→ **DATA IN THIS EXERCISE**
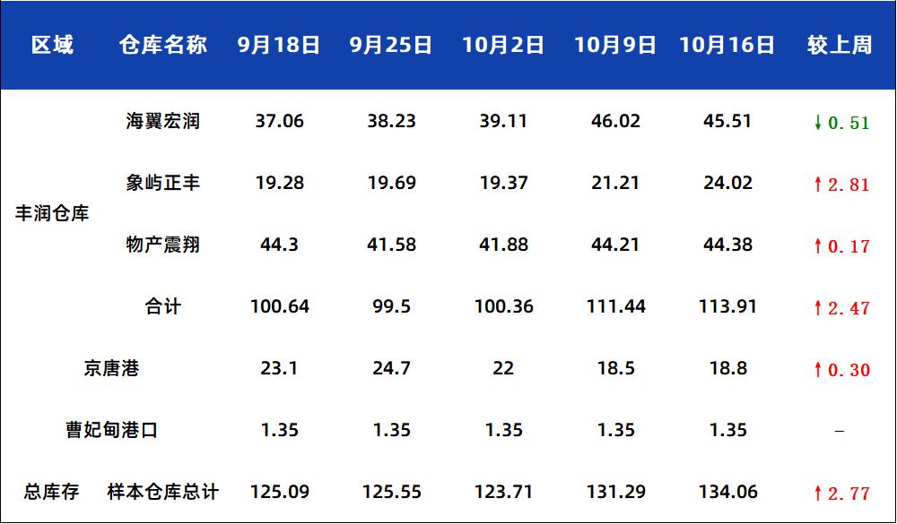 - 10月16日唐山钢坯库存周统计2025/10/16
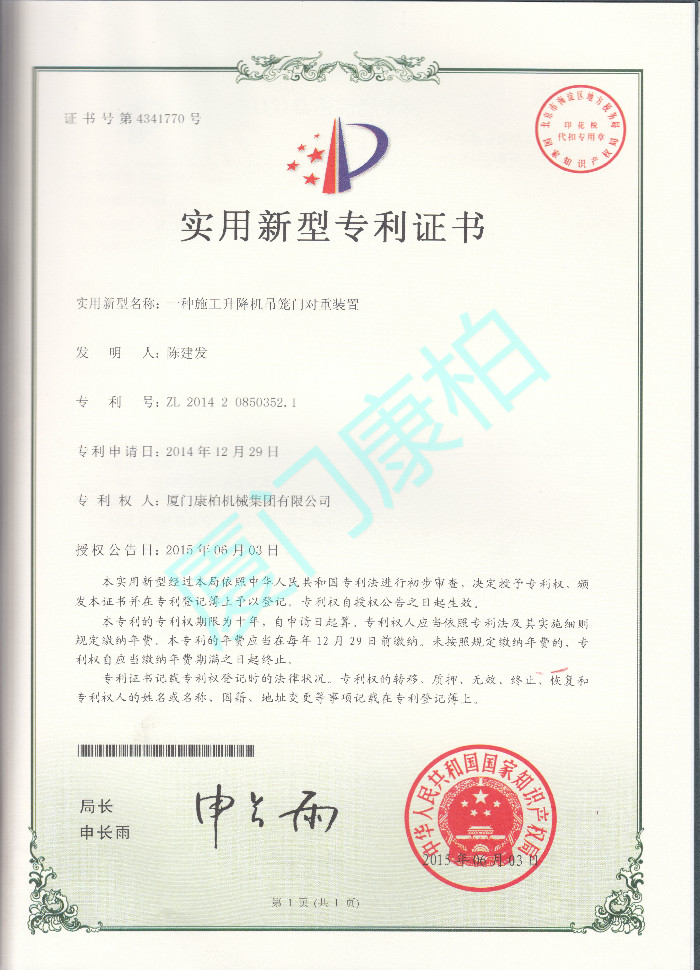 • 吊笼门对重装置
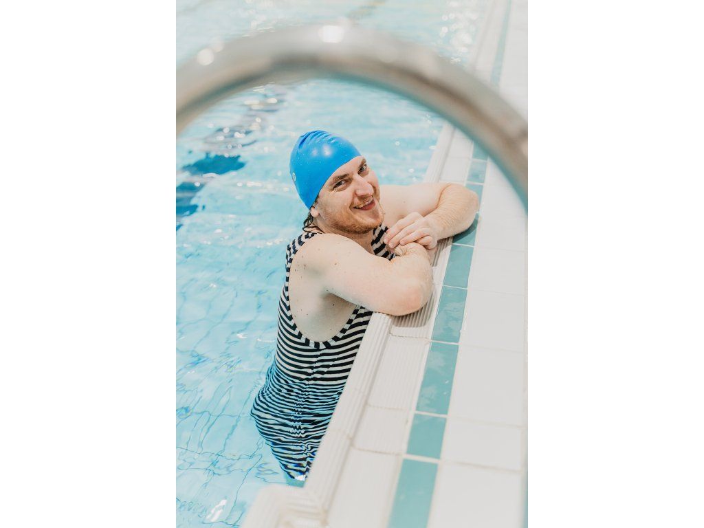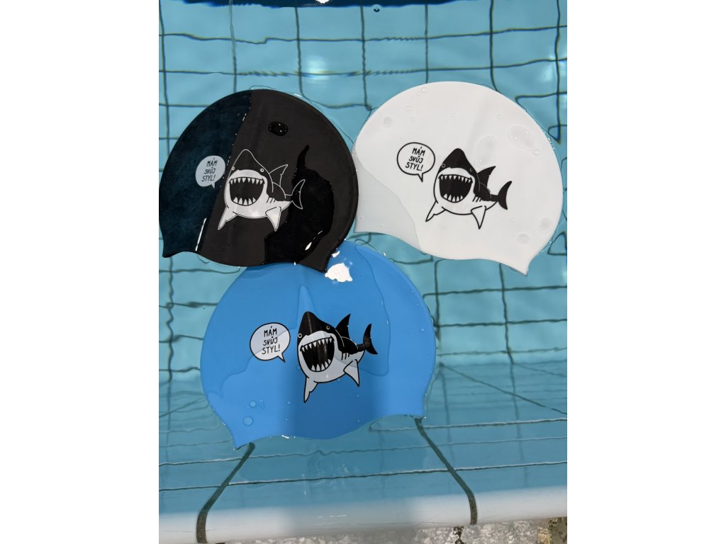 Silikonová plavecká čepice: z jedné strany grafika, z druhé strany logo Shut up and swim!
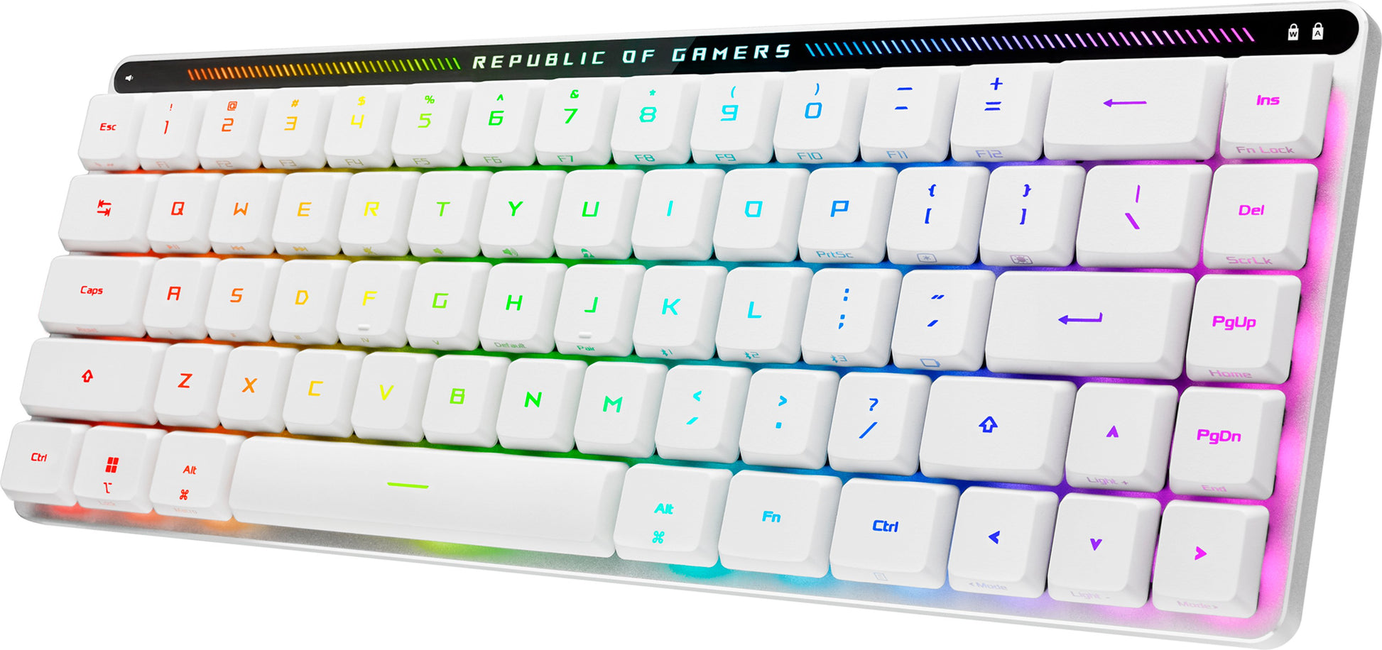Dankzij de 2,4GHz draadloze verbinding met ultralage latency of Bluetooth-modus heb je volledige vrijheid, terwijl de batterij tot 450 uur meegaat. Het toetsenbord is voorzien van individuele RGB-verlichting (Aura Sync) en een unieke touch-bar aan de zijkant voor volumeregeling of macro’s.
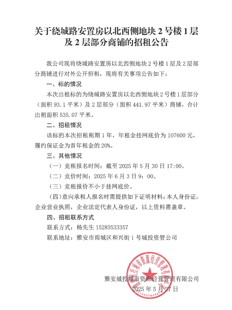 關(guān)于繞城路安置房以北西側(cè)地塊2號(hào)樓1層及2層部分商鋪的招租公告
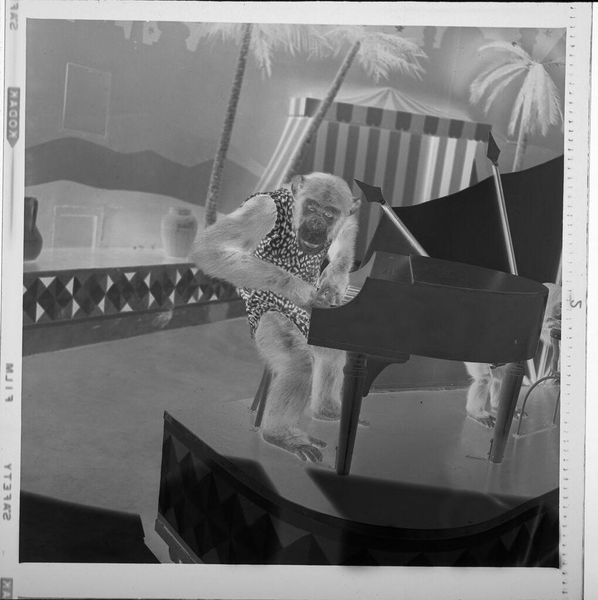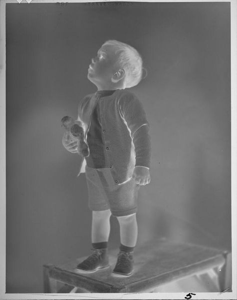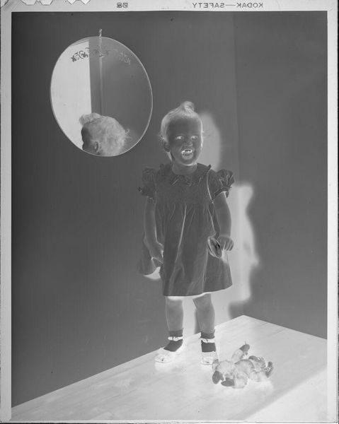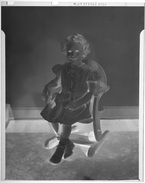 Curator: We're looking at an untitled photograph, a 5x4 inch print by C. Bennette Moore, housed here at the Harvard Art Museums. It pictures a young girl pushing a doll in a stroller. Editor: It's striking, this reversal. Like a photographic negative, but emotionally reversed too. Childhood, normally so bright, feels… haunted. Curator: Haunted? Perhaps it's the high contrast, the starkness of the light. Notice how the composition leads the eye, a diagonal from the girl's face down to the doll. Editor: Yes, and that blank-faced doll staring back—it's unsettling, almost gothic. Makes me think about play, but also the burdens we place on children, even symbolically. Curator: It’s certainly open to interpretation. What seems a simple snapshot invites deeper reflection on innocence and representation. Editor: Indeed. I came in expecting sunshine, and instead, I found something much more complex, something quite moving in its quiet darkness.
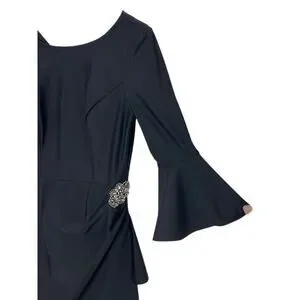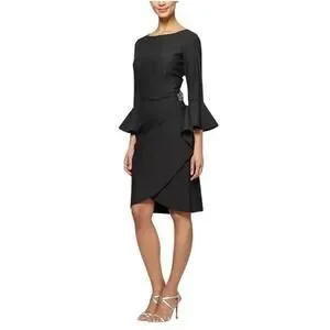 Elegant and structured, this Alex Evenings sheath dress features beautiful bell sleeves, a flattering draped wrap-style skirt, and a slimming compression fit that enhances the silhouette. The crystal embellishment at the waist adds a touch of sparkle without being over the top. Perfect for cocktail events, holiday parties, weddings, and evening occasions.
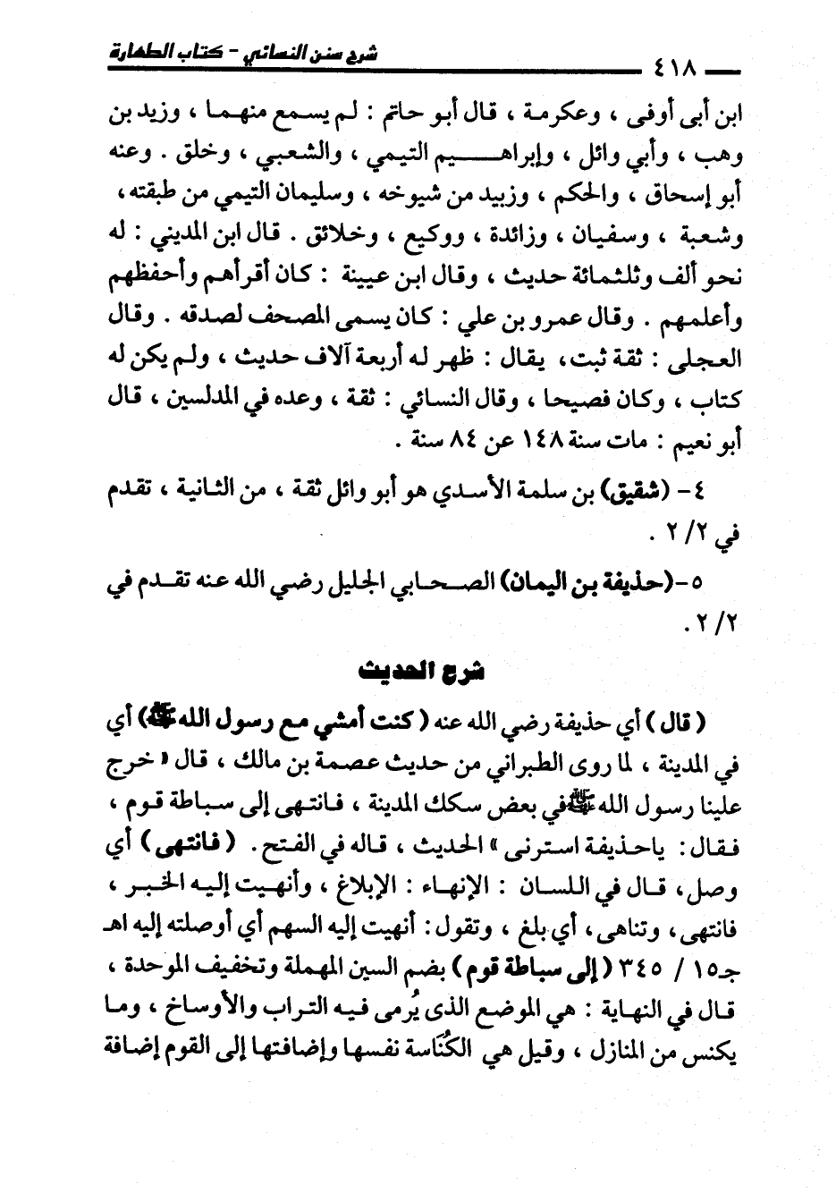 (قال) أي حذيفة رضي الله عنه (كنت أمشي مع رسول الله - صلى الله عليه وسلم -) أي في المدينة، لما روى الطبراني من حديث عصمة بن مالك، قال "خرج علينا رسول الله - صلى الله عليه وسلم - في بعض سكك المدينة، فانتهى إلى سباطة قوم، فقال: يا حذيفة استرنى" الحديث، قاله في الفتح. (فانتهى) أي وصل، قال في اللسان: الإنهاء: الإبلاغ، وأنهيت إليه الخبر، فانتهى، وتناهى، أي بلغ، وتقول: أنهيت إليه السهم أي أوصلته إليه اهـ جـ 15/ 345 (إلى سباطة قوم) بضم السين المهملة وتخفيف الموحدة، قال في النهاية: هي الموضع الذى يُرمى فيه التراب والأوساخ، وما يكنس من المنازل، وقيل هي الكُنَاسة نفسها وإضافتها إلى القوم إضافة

→ **ASSIGNMENT**
Above are records; repeat only the lines from the line with "Silikonová plavecká čepice: z" through the line with "關(guān)于繞城路安置房", and leave pictures out.

→ **WRITTEN SOLUTION**
 Silikonová plavecká čepice: z jedné strany grafika, z druhé strany logo Shut up and swim!
Dankzij de 2,4GHz draadloze verbinding met ultralage latency of Bluetooth-modus heb je volledige vrijheid, terwijl de batterij tot 450 uur meegaat. Het toetsenbord is voorzien van individuele RGB-verlichting (Aura Sync) en een unieke touch-bar aan de zijkant voor volumeregeling of macro’s.
 關(guān)于繞城路安置房以北西側(cè)地塊2號(hào)樓1層及2層部分商鋪的招租公告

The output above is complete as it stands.